**THE PROBLEM:** When writing out the listing below, reproduce every word exactly and skip the pictures.

**DATA SECTION:**
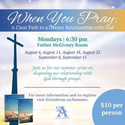 Join us for our summer series on deepening our relationship with God through prayer. This seven-week series from Ascension Press will include a book, video, and discussion as we delve into Cultivate a Rich and Lasting Prayer Life.
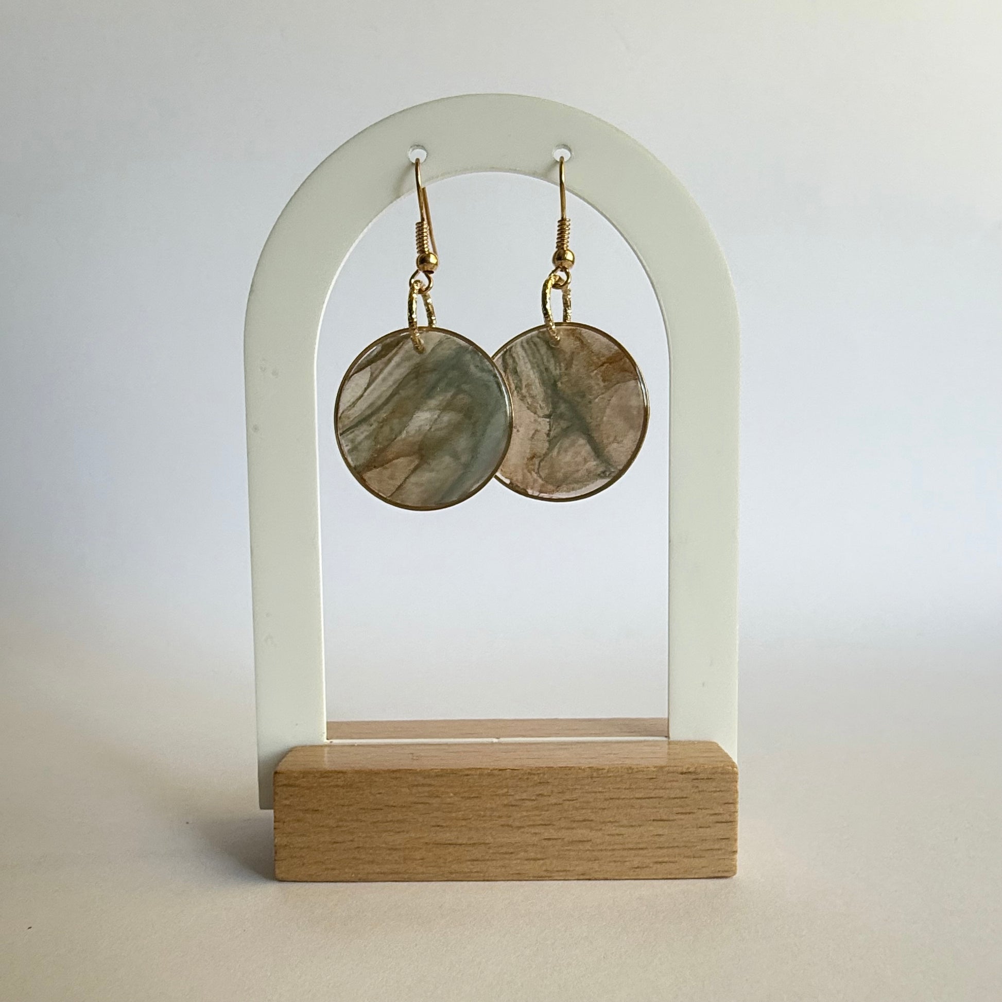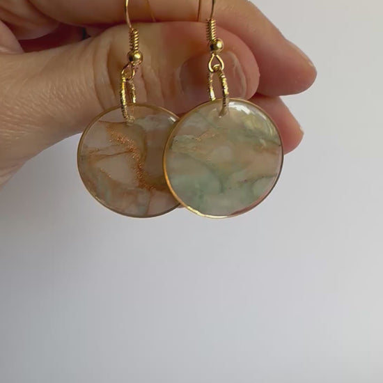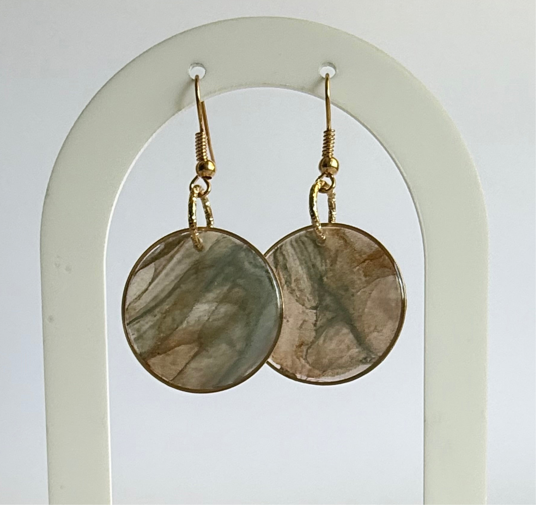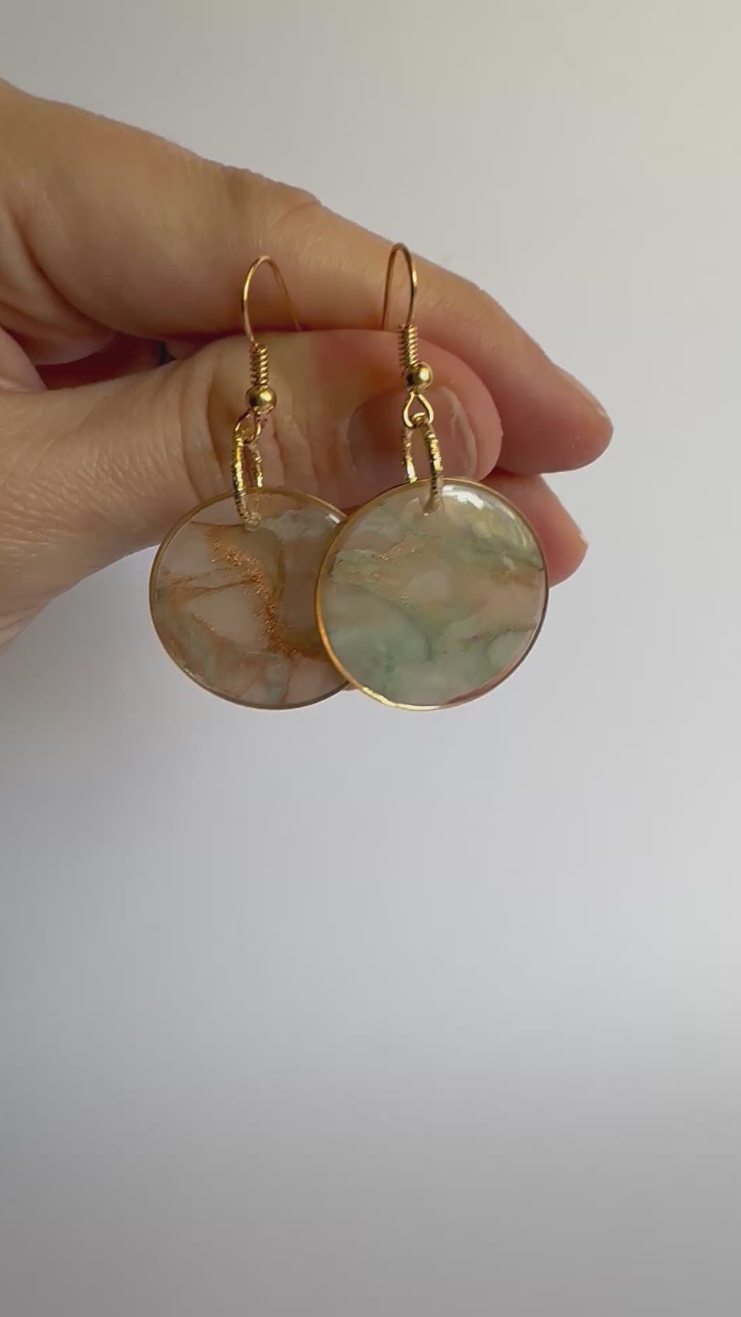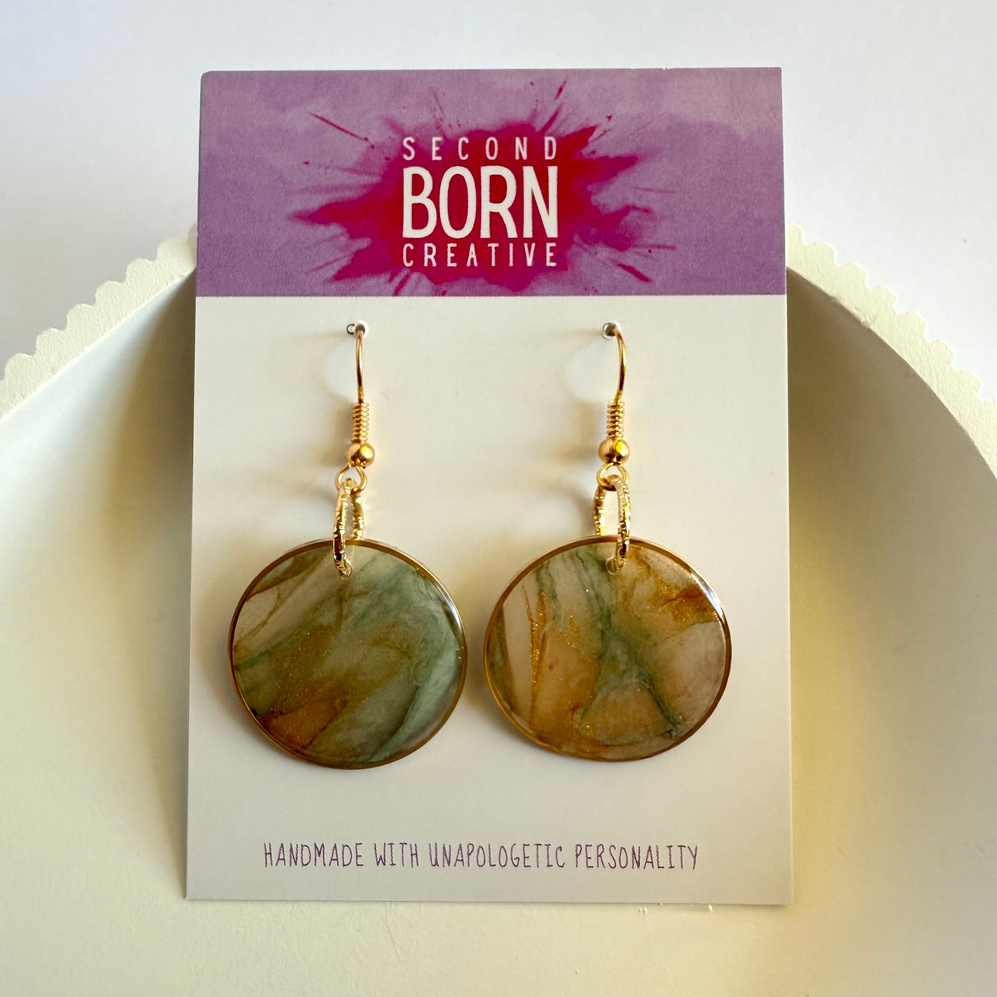These earrings are large sized with gold hooks and findings. They are made from lightweight polymer clay with a durable resin finish to make the vibrant colours and shimmery gold POP! Plus embedded in a gold accent hoop to finish them off!
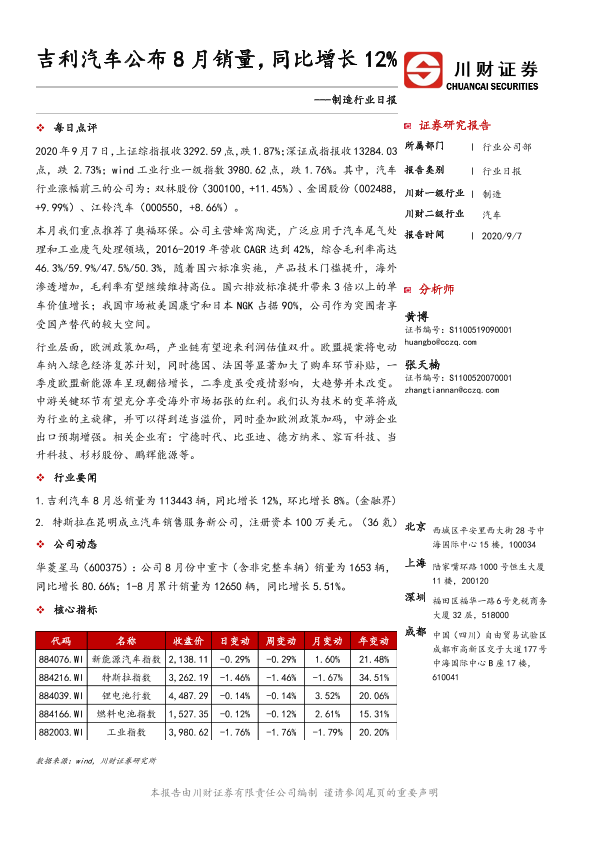 【川财证券】【20200907】制造行业日报:吉利汽车公布8月销量,同比增长12%-3页

**OUTPUT BELOW:**
 Join us for our summer series on deepening our relationship with God through prayer. This seven-week series from Ascension Press will include a book, video, and discussion as we delve into Cultivate a Rich and Lasting Prayer Life.
These earrings are large sized with gold hooks and findings. They are made from lightweight polymer clay with a durable resin finish to make the vibrant colours and shimmery gold POP! Plus embedded in a gold accent hoop to finish them off!
 【川财证券】【20200907】制造行业日报:吉利汽车公布8月销量,同比增长12%-3页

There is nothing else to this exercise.